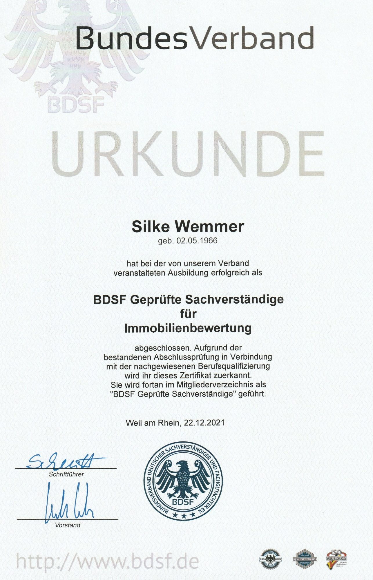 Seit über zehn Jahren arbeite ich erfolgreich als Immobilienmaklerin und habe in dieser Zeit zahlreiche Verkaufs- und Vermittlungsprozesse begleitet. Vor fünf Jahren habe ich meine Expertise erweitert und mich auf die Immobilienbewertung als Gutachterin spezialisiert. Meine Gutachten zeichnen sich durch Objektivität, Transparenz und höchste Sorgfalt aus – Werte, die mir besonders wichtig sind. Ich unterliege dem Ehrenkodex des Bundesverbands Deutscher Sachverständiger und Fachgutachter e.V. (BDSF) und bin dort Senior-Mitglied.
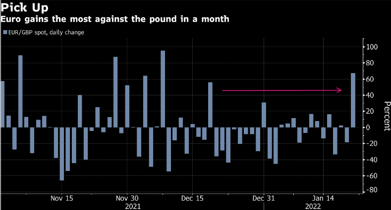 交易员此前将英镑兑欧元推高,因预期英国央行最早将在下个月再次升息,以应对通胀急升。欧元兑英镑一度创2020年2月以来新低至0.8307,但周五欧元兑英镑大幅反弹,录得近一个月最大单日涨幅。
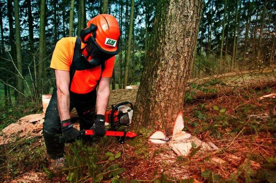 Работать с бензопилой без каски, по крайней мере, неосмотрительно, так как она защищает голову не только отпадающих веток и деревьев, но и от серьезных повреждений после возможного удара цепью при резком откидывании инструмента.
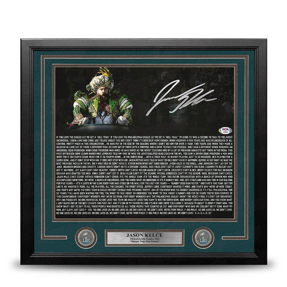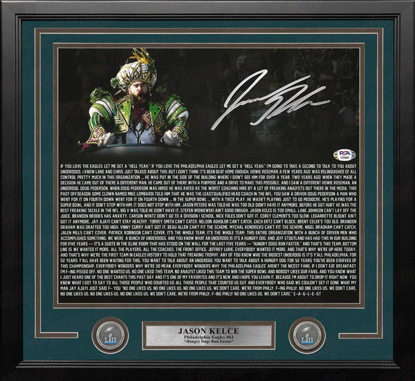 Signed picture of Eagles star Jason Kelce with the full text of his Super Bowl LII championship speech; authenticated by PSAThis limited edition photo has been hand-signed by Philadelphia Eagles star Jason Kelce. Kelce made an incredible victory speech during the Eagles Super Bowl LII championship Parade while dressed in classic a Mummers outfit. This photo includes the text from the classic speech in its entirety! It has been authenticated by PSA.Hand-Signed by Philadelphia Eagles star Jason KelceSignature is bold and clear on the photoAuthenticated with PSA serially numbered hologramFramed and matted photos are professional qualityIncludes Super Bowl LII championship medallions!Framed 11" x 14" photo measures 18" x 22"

Exercise description - Your answer must be an exact copy of the lines above, from the line that contains "交易员此前将英镑兑欧元推高,因预期英国央" through the final line, with no pictures in it.

Answer box -
 交易员此前将英镑兑欧元推高,因预期英国央行最早将在下个月再次升息,以应对通胀急升。欧元兑英镑一度创2020年2月以来新低至0.8307,但周五欧元兑英镑大幅反弹,录得近一个月最大单日涨幅。
 Работать с бензопилой без каски, по крайней мере, неосмотрительно, так как она защищает голову не только отпадающих веток и деревьев, но и от серьезных повреждений после возможного удара цепью при резком откидывании инструмента.
 Signed picture of Eagles star Jason Kelce with the full text of his Super Bowl LII championship speech; authenticated by PSAThis limited edition photo has been hand-signed by Philadelphia Eagles star Jason Kelce. Kelce made an incredible victory speech during the Eagles Super Bowl LII championship Parade while dressed in classic a Mummers outfit. This photo includes the text from the classic speech in its entirety! It has been authenticated by PSA.Hand-Signed by Philadelphia Eagles star Jason KelceSignature is bold and clear on the photoAuthenticated with PSA serially numbered hologramFramed and matted photos are professional qualityIncludes Super Bowl LII championship medallions!Framed 11" x 14" photo measures 18" x 22"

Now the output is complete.